The core idea is straightforward: find the set of parameters that makes the model's predictions as close as possible to the actual data, where "closeness" is measured by the sum of squared residuals. As one standard reference puts it, least squares is "a method to determine the best-fit model by minimizing the sum of the squared residuals, the differences between observed values and the values predicted by the model" [16].

The method was first published by Adrien-Marie Legendre in 1805 and independently developed by Carl Friedrich Gauss, who published it in 1809 and claimed he had been using it since 1795 [1][2][3]. Since then, it has expanded into a family of techniques, including ordinary least squares (OLS), weighted least squares (WLS), generalized least squares (GLS), nonlinear least squares, and total least squares, each suited to different data conditions and modeling assumptions.

## ELI5: Explain like I'm 5

Imagine you have a bunch of dots on a piece of paper, and you want to draw the single straight line that goes closest to all the dots at the same time. Some dots will be a little above the line, and some will be a little below it. Least squares regression finds the best line by looking at how far each dot is from the line, squaring those distances (so bigger misses count a lot more), and then picking the line that makes the total of all those squared distances as small as possible. It is like finding the fairest middle path through a scatter of points.

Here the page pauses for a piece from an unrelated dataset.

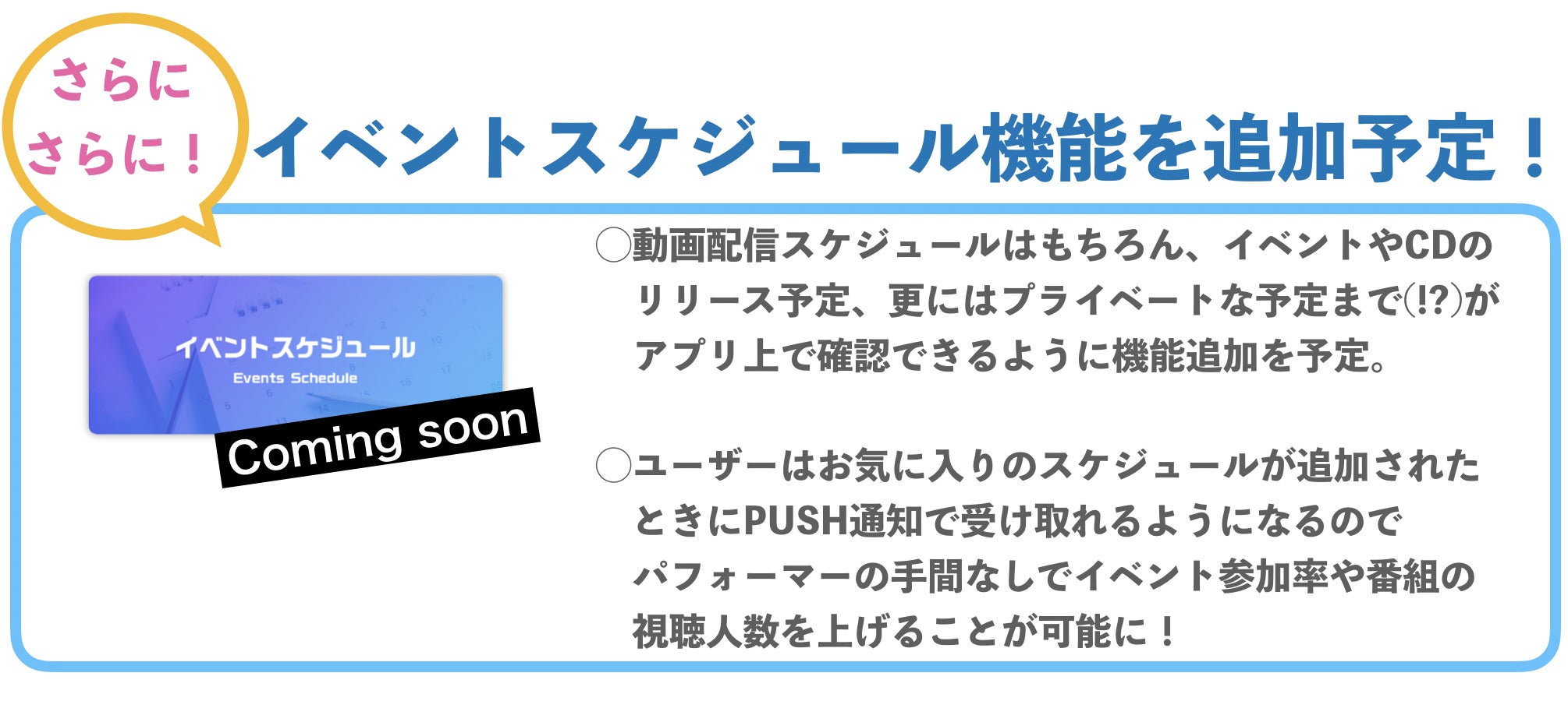 ☆パフォーマーもファンにも、喜んでもらえる追加機能をドンドン開発予定です!

## What is least squares regression?

Least squares regression estimates the unknown parameters of a model by minimizing the residual sum of squares (RSS), the total of the squared vertical gaps between each data point and the fitted curve [1][7]. When the model is linear in its parameters, this objective is a convex quadratic with a unique global minimum, and the minimizing parameters can be written down in closed form rather than searched for iteratively [3][7]. This combination of a clear optimization principle (minimize squared error) and an exact, fast solution is why least squares became, and remains, the default starting point for [regression](/wiki/regression) analysis across statistics, econometrics, engineering, and machine learning.

## Who invented least squares, and when?

The method of least squares has a rich history intertwined with the development of modern statistics and astronomy.

### Legendre's publication (1805)

The first published account of the method appeared in Adrien-Marie Legendre's 1805 work, *Nouvelles methodes pour la determination des orbites des cometes* (New Methods for the Determination of the Orbits of Comets) [1]. An appendix titled "Sur la Methode des moindres quarres" (On the Method of Least Squares) laid out the procedure clearly. Legendre proposed minimizing the sum of squared residuals as a principled way to fit a curve to observational data, and within a decade the technique was adopted across France, Italy, and Prussia as the standard method in astronomy and geodesy [3].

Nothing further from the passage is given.